6- "Debaixo da mesma sombra", em parceria com o João Sampaio já está rodando nas rádios e à venda no mercado. Como está a divulgação deste trabalho e como tu percebes a receptividade das pessoas?

Juliano- Bom, em primeiro lugar vejo a receptividade das pessoas muito boa, um trabalho em parceria com o João Sampaio só me enche de alegria e faz com que eu agradeça a Deus todos os dias por ter conhecido este irmão. Quanto a divulgação, ainda não é nada boa, talvez pelo fato de eu estar recém trilhando um caminho na música ou por algum outro motivo que não sei explicar. Não vejo distribuição do CD através da gravadora e tampouco recebo alguma satisfação.




Capa do 1º CD - Aos olhos da pampa


7- Quais são os teus planos para a carreira em um futuro próximo?

Juliano- Meus planos para carreira é a gravação de um terceiro CD com as minhas músicas premiadas em festivais, porque sinto a necessidade do povo que gosta do nativismo conhecer as músicas que realmente mostram o que fazemos pelos palcos dos festivais.

8- Quais são as músicas que te marcam e são referências da tua musicalidade?
Juliano- Como já disse anteriormente, me criei ouvindo o Marenco e o Joca. Então, creio que o trabalho deles tenha influência no meu canto. Nos dias de hoje, o que tem influenciado as minhas músicas é o folclore sul-americano, em seus vários ritmos, como zambas, chacareras, um pouco de tangos, entre outros. O que tenho escutado basicamente é Chango Farias Gomez, Alfredo Zitarrosa, Teresa Parodi e Ramona Galarza, mas aquilo que se destaca atualmente é Jorge Cafrune.

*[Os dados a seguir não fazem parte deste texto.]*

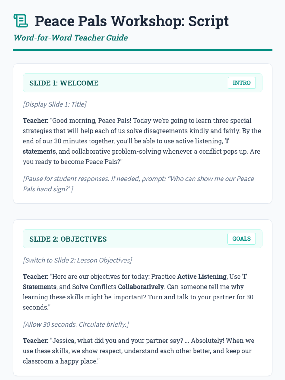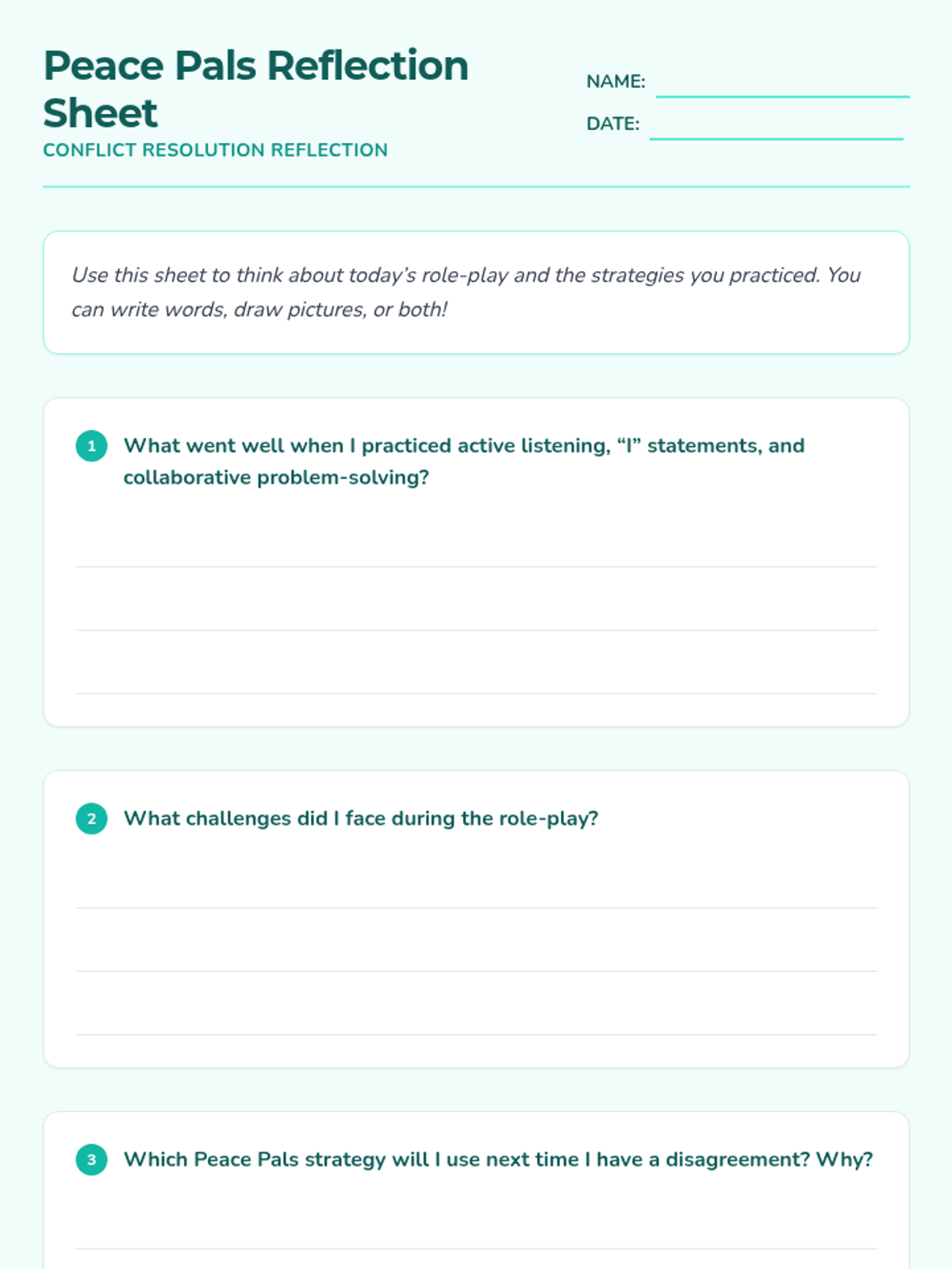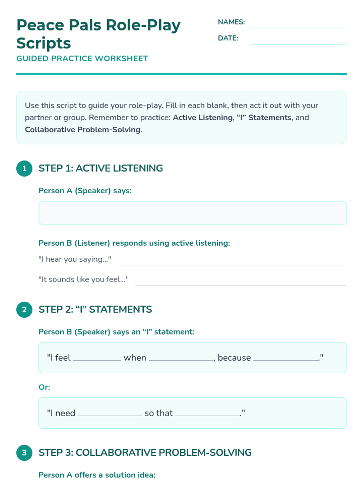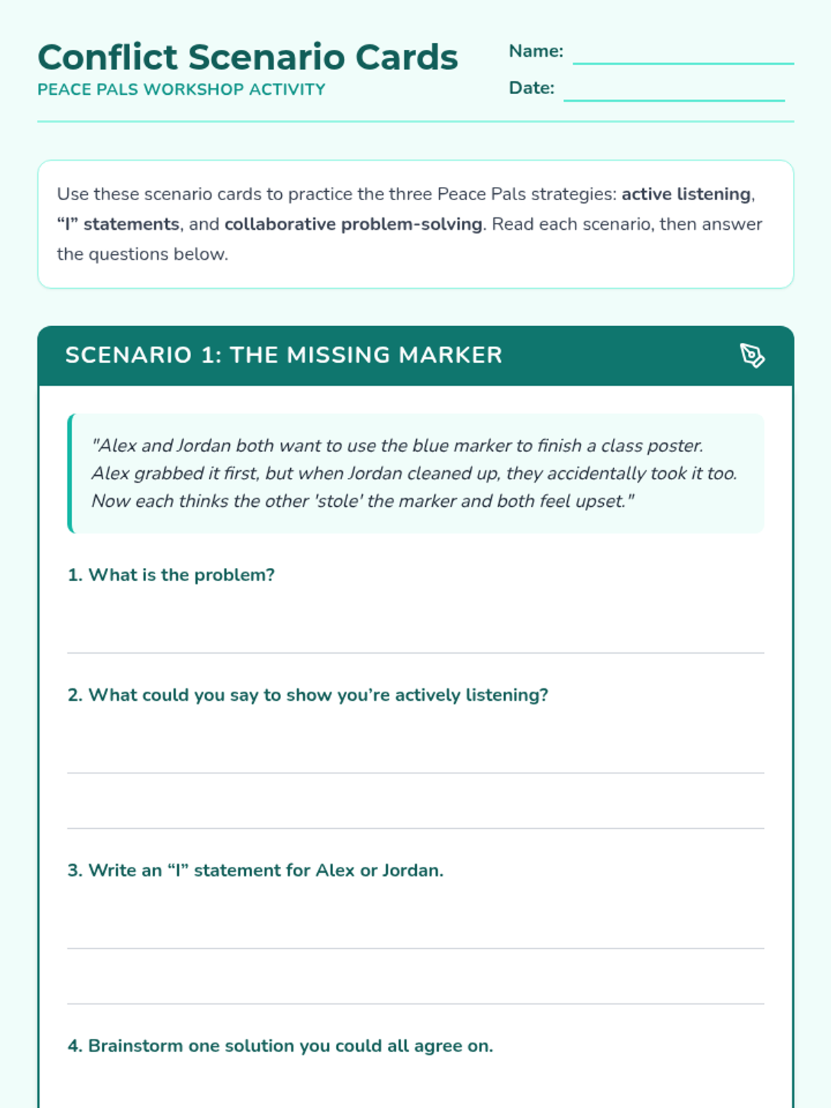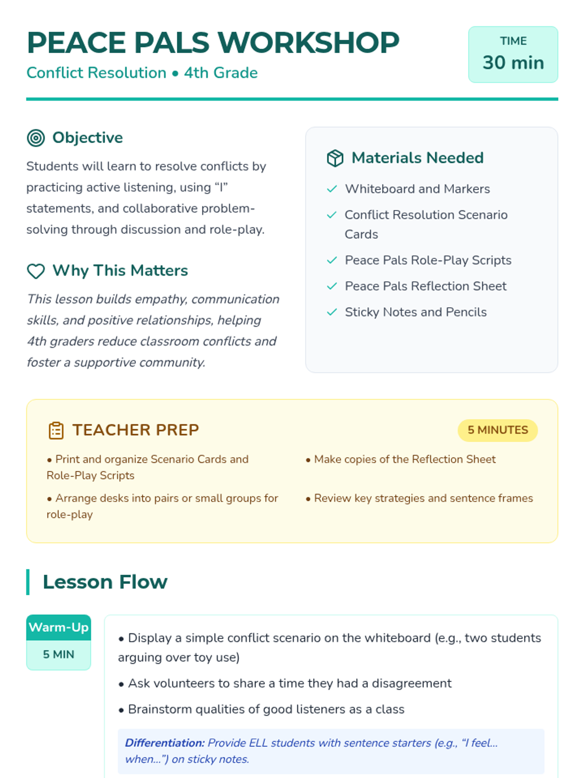 A 30-minute Tier 1 lesson for 4th graders on conflict resolution strategies, including active listening, "I" statements, and collaborative problem-solving.

Juliano Moreno ao receber mais um de seus prêmios, durante a 5ª Galponeira

9- Vamos cerrar a armada do laço que a cancha se finda. Fale um pouco do teu amor por Santana do Livramento e deixe um chasque para todos aqueles que te admiram.
Juliano- Bueno, ser filho de Santana, um berço da música nativista no estado, é muito gratificante. Aqui se bebe água pura do cerro do Registro, se come a melhor carne de ovelha do mundo, entre tantas outras coisas maravilhosas. Tiro o chapéu para esta terra que me viu nascer e com certeza vai me ver partir. Agradeço a todos os que gostam do meu humilde trabalho, pois é feito de coração e podem ter a certeza que enquanto tivermos forças, vamos cantar sempre o que é nosso e fazer disso um imenso horizonte para o resto da vida. Muito obrigado e um abraço ao pessoal dos programas De terra, campo e galpão e De campo e alma da Rádio Comunitária FM 105,9 de Santa Cruz do Sul. São atitudes como essa de vocês que aproximam o cantor de quem o escuta porque podemos contar um pouco mais de sua vida e levando seu canto, aos mais longínquos rincões do estado.